SOURCE DATA:
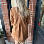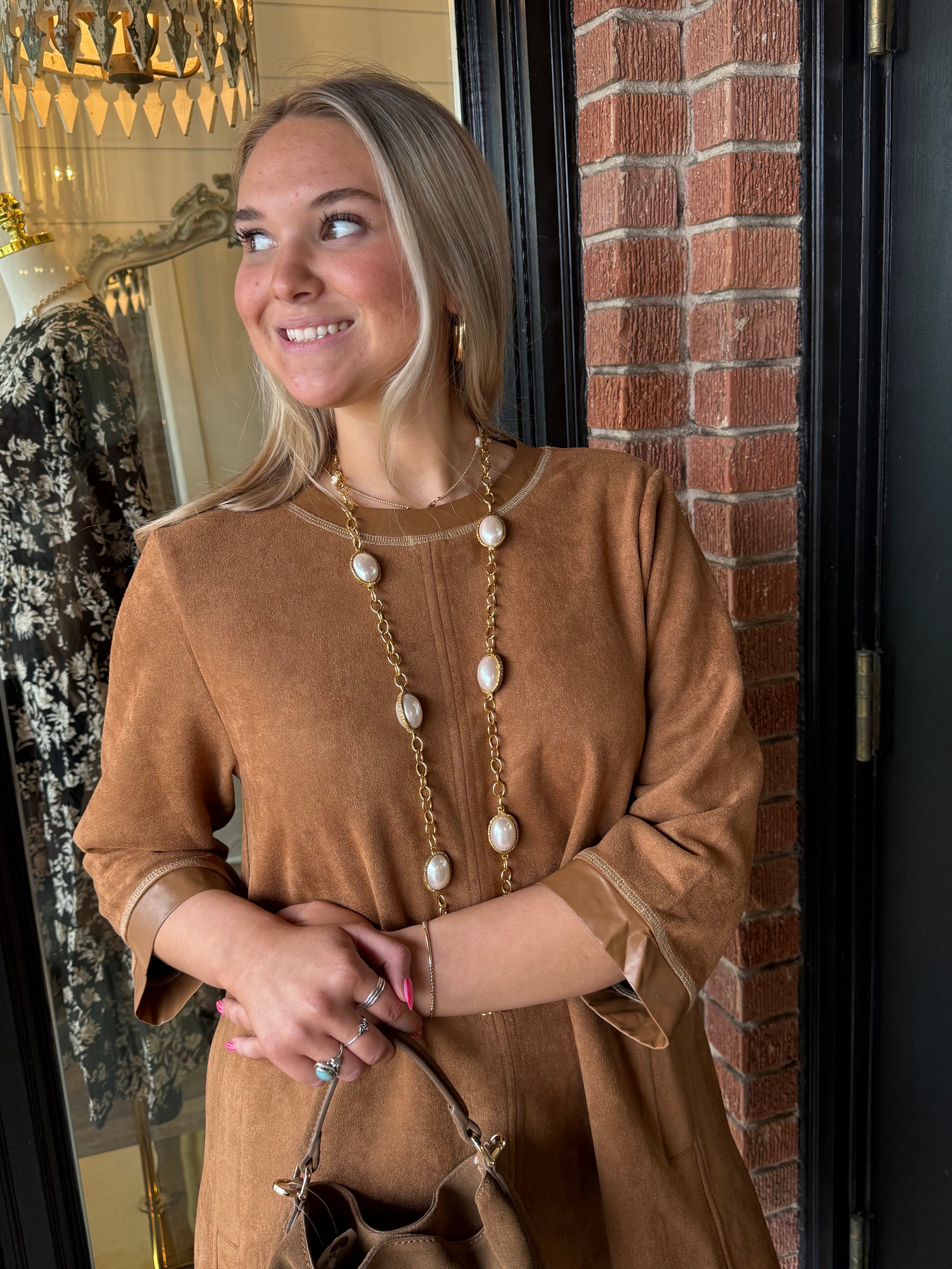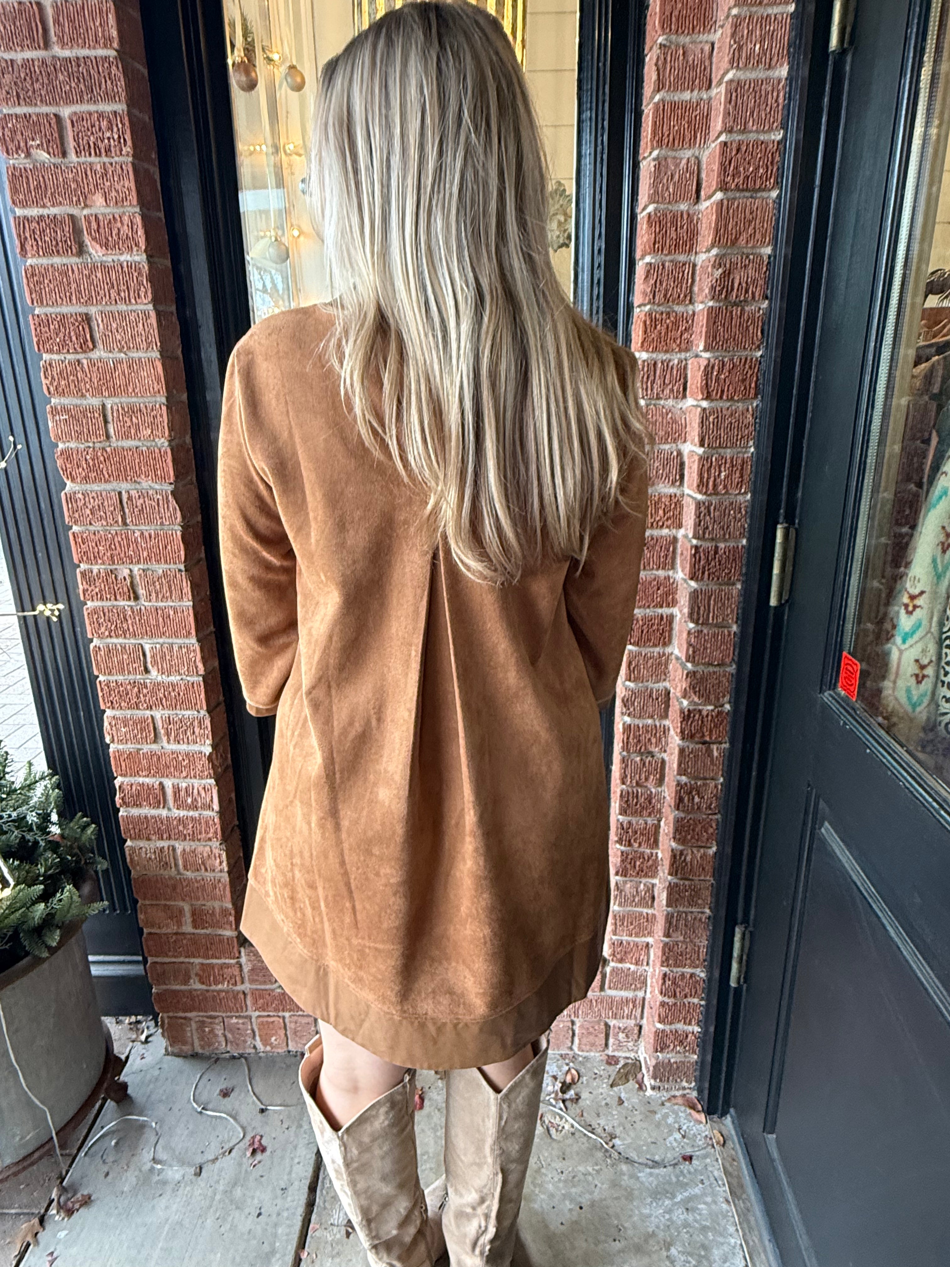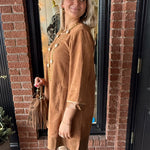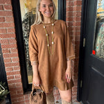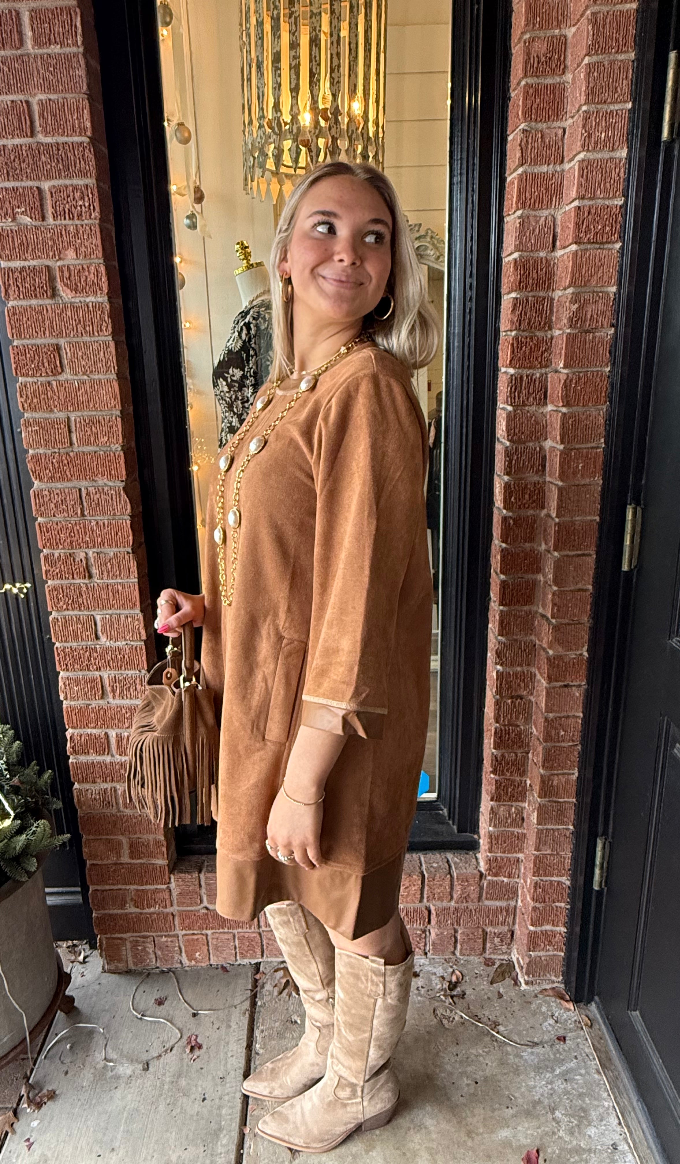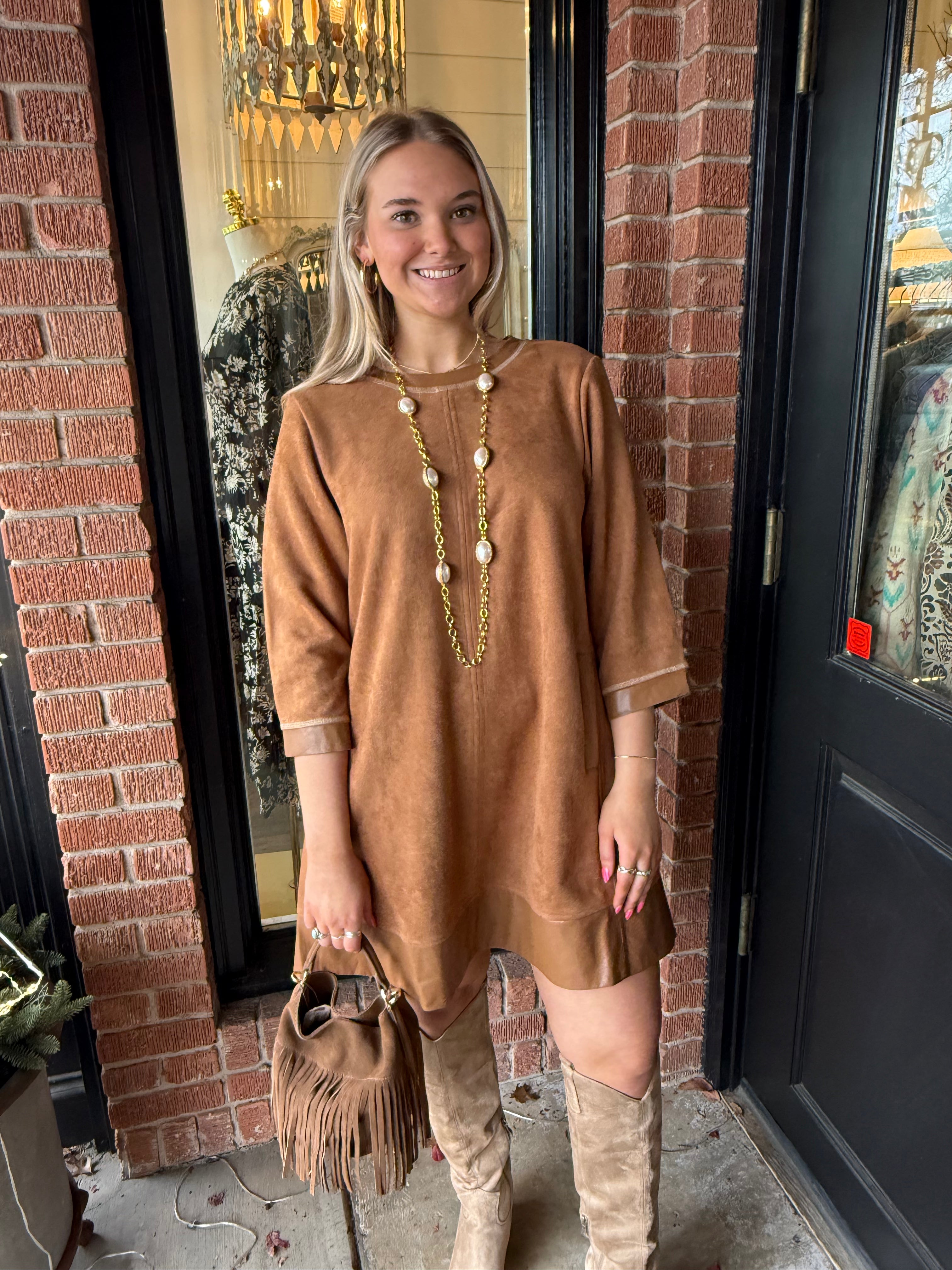 The Hazel Dress is a chic statement piece with rich texture and modern edge. Crafted in a soft suede-like fabric, this mini dress is finished with sleek leather detailing that adds just the right amount of contrast. Easy to style with boots or heels, it’s perfect for dinners, parties, and fall-to-winter events when you want something polished but fun.
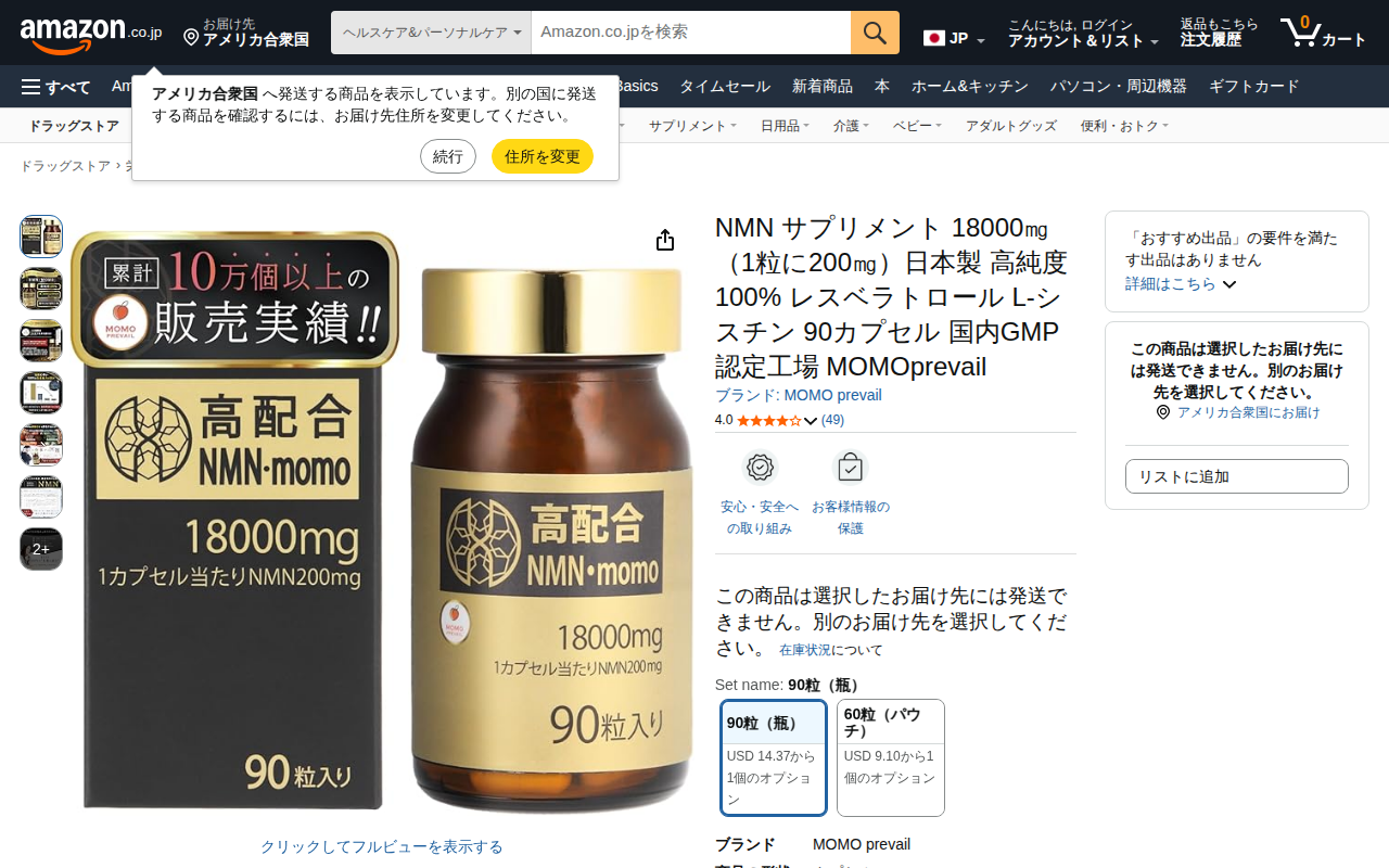 Amazon | NMN サプリメント 18000㎎ (1粒に200㎎)日本製 高純度100% レスベラトロール L-シスチン 90カプセル 国内GMP認定工場 MOMOprevail | MOMO prevail | B3
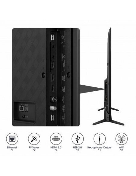 Hisense 85A6K. Tamanho do ecrã na diagonal: 2,16 m (85"), Resolução: 3840 x 2160 pixels, Tipo de HD: 4K Ultra HD, Tecnologia de apresentação: LED, Formato do ecrã: Plano, Tipo de retroiluminação LED: Direct-LED. Smart TV. Tempo de resposta: 8 ms, Rácio de contraste (típico): 6000:1, Proporção de imagem nativa: 16:9. Sistema de formato de sinal digital: DVB-C, DVB-S, DVB-S2, DVB-T, DVB-T2. Wi-Fi, Ethernet LAN. Cor do produto: Preto

TASK TO CARRY OUT: Repeat all of the listing above word for word, and exclude the pictures.

COMPLETED EXERCISE:
 The Hazel Dress is a chic statement piece with rich texture and modern edge. Crafted in a soft suede-like fabric, this mini dress is finished with sleek leather detailing that adds just the right amount of contrast. Easy to style with boots or heels, it’s perfect for dinners, parties, and fall-to-winter events when you want something polished but fun.
 Amazon | NMN サプリメント 18000㎎ (1粒に200㎎)日本製 高純度100% レスベラトロール L-シスチン 90カプセル 国内GMP認定工場 MOMOprevail | MOMO prevail | B3
 Hisense 85A6K. Tamanho do ecrã na diagonal: 2,16 m (85"), Resolução: 3840 x 2160 pixels, Tipo de HD: 4K Ultra HD, Tecnologia de apresentação: LED, Formato do ecrã: Plano, Tipo de retroiluminação LED: Direct-LED. Smart TV. Tempo de resposta: 8 ms, Rácio de contraste (típico): 6000:1, Proporção de imagem nativa: 16:9. Sistema de formato de sinal digital: DVB-C, DVB-S, DVB-S2, DVB-T, DVB-T2. Wi-Fi, Ethernet LAN. Cor do produto: Preto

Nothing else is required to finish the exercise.